§ **AIM OF THE EXERCISE**:
Take the line that holds "In that same" and every line after it to the end of the entries, and repeat them exactly without the pictures.

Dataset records
<<<<
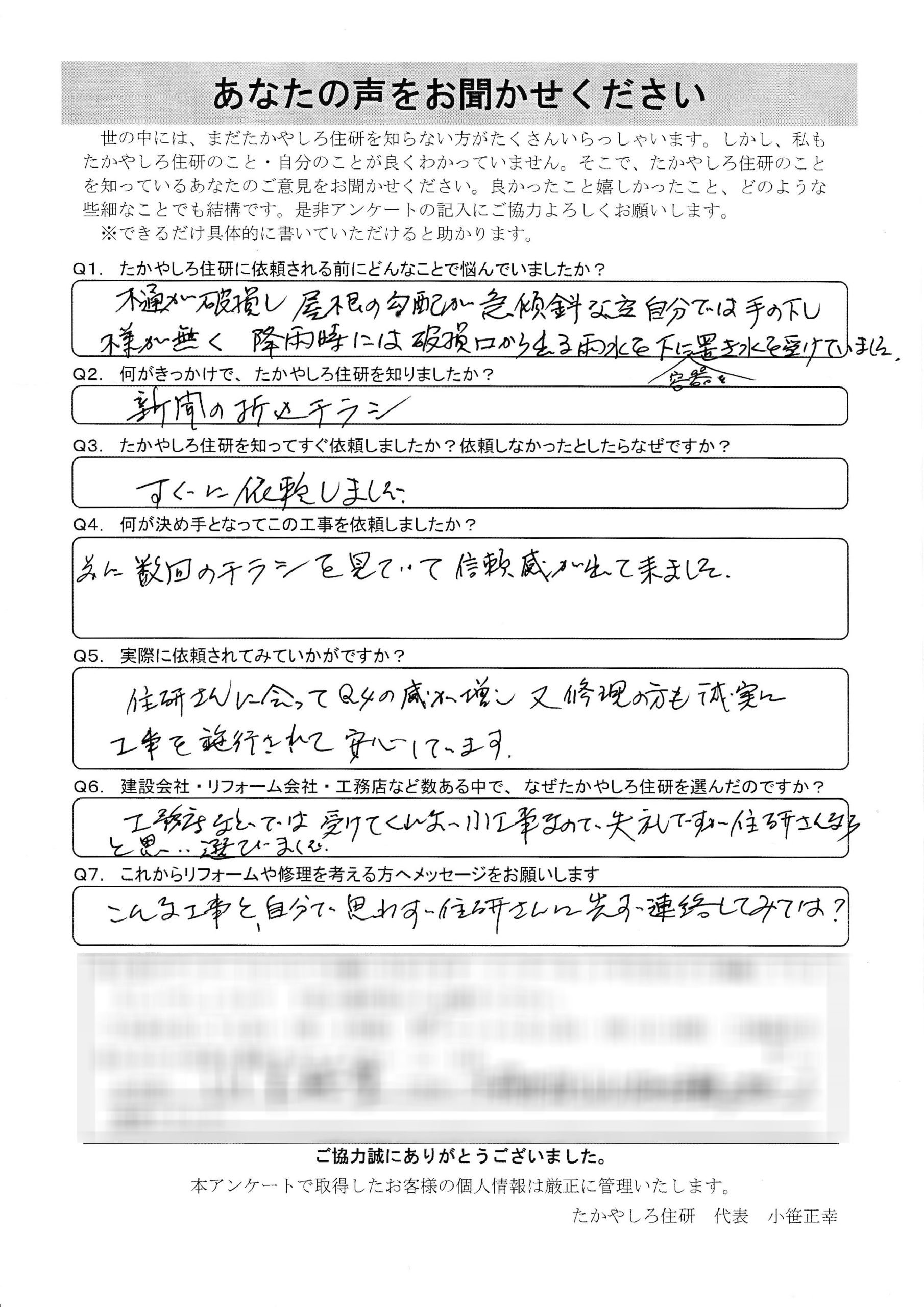 - 住研さんに会って信頼感が増し、また修理の方も 誠実に工事を施工されて安心しています。
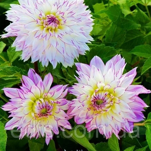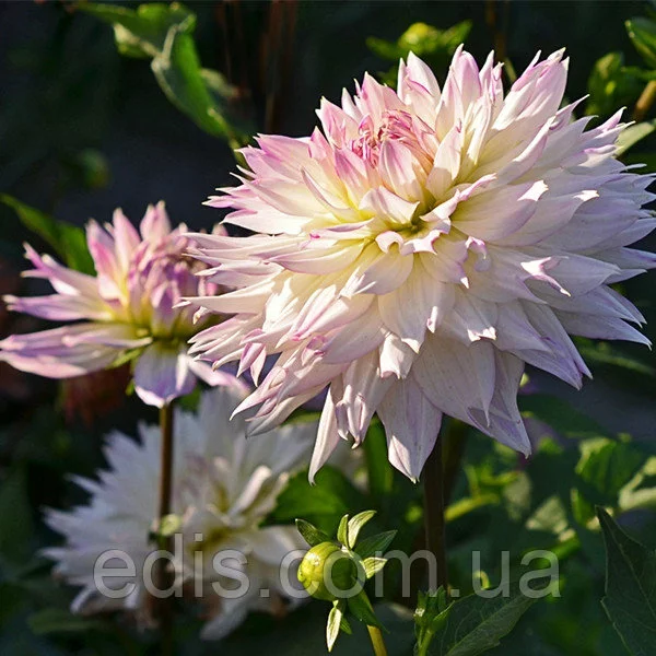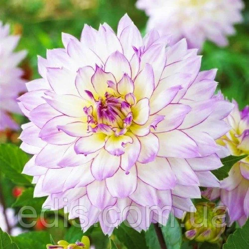 Декоративна жоржина Crasy Love відрізняється ніжним забарвленням. Її білі пелюстки обведені бузковим відтінком. Пуп'янок розкривається поступово, тому центр квітки залишається бузковим.
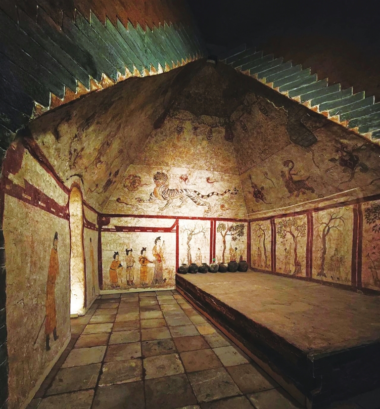 唐代壁画墓——郭行墓是在该馆首次与公众见面。该墓是2019年8月在万柏林区小井峪小学建筑工地的一次施工中被发现的。墓主人郭行,曾追随唐太宗李世民征讨辽东,因其身经百战,勇冠三军,被授予上骑都尉。
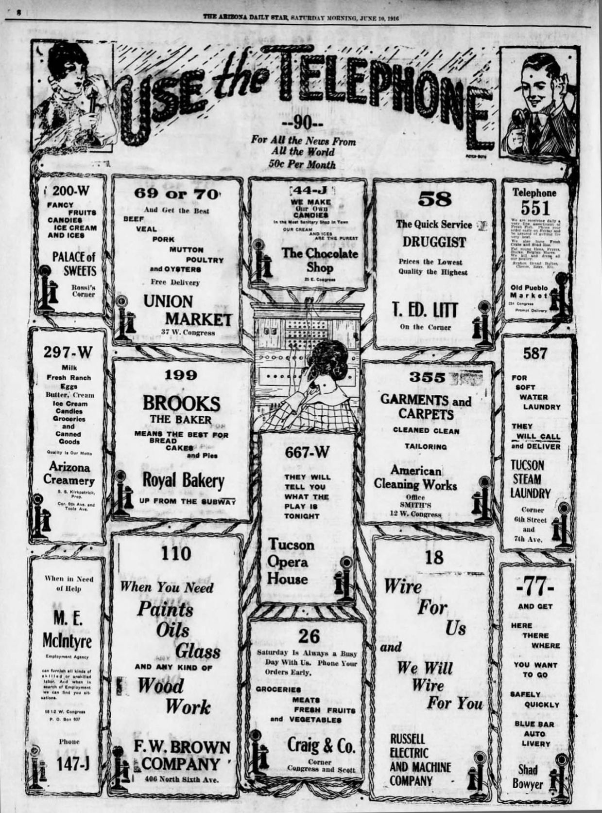In that same edition of the Star, a full page was devoted to the ways the telephone can make life easier for Tucsonans.
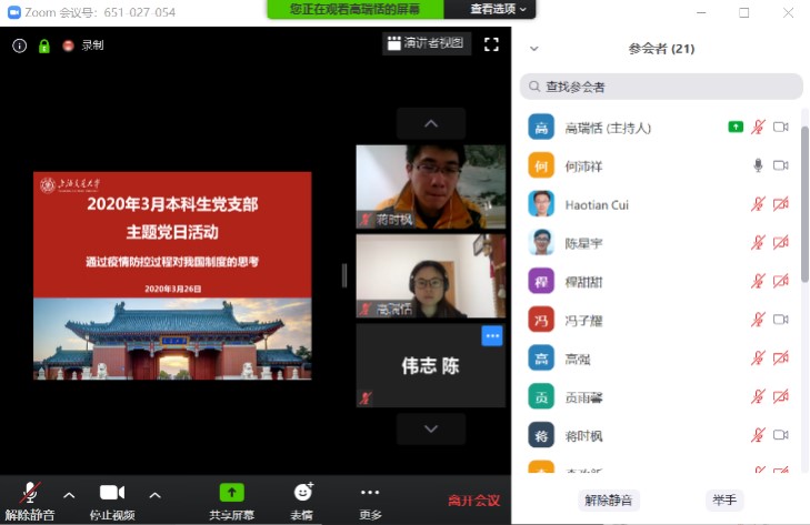 当前,在全球应对疫情的形势下,中国树立了抗击新冠肺炎疫情的榜样,我国疫情防控经验为世界提供了重要借鉴。3月26日,36365线路检测登录入口本科生党支部依托zoom在线平台,开展了以“基于疫情防控过程对我国制度的思考”为主题的线上党日活动,从制度出发,分析疫情防控的政策与成效,在思考与交流中进一步坚定“四个自信”。本科生党支部书记刘环、辅导员岳鑫及支部23名党员同志参加会议。
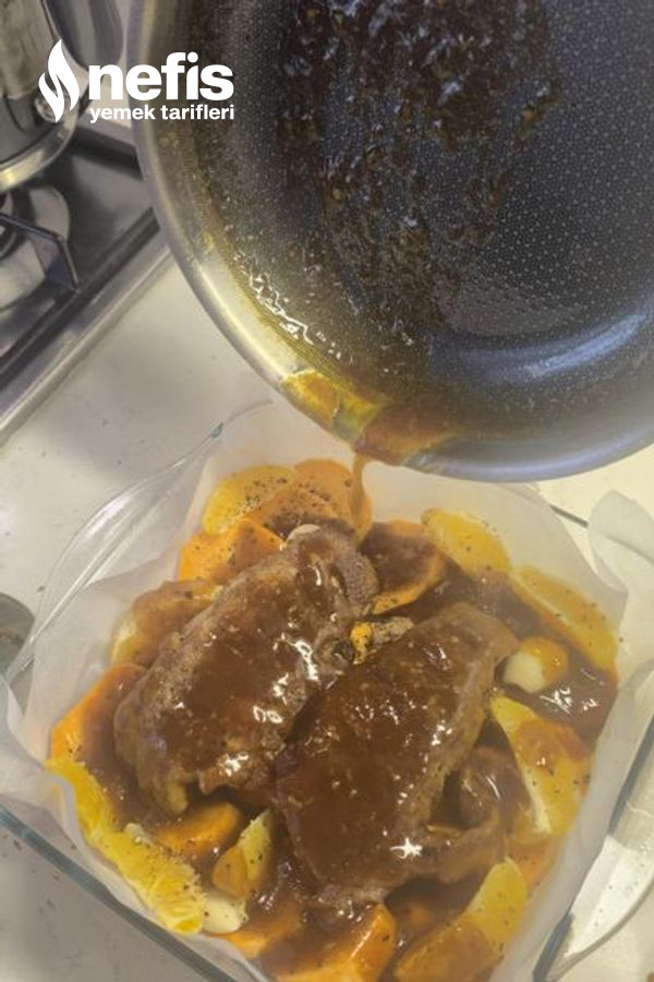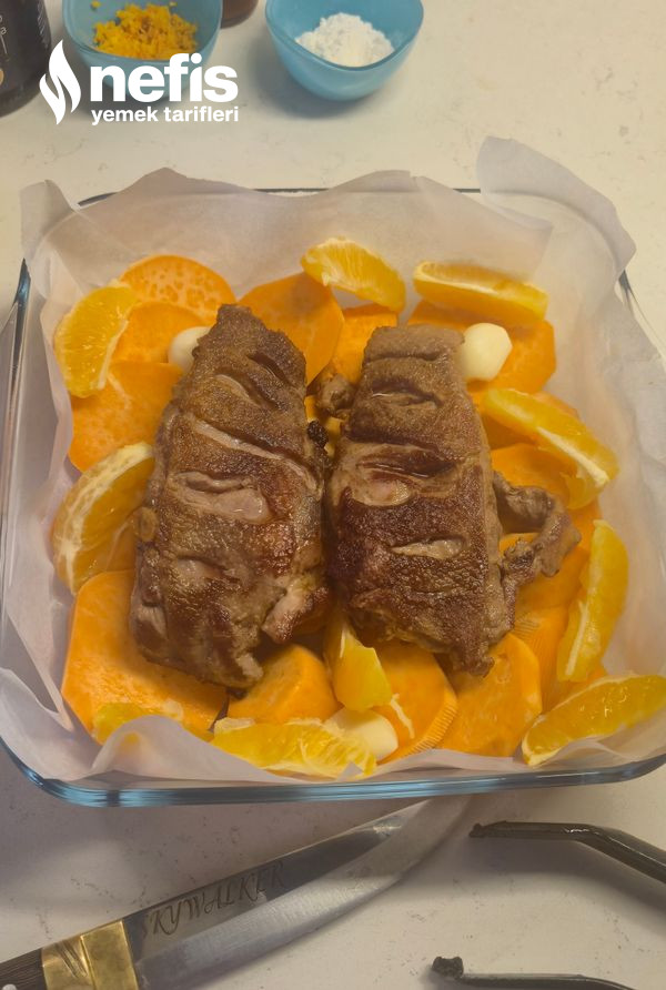 - Fırın kabında yer alan tatlı patates, portakal dilimleri ve kızarmış ördek etinizin üzerinde sosunuzu gezdirin.
>>>>
§ **ANSWER SECTION**:
In that same edition of the Star, a full page was devoted to the ways the telephone can make life easier for Tucsonans.
 当前,在全球应对疫情的形势下,中国树立了抗击新冠肺炎疫情的榜样,我国疫情防控经验为世界提供了重要借鉴。3月26日,36365线路检测登录入口本科生党支部依托zoom在线平台,开展了以“基于疫情防控过程对我国制度的思考”为主题的线上党日活动,从制度出发,分析疫情防控的政策与成效,在思考与交流中进一步坚定“四个自信”。本科生党支部书记刘环、辅导员岳鑫及支部23名党员同志参加会议。
 - Fırın kabında yer alan tatlı patates, portakal dilimleri ve kızarmış ördek etinizin üzerinde sosunuzu gezdirin.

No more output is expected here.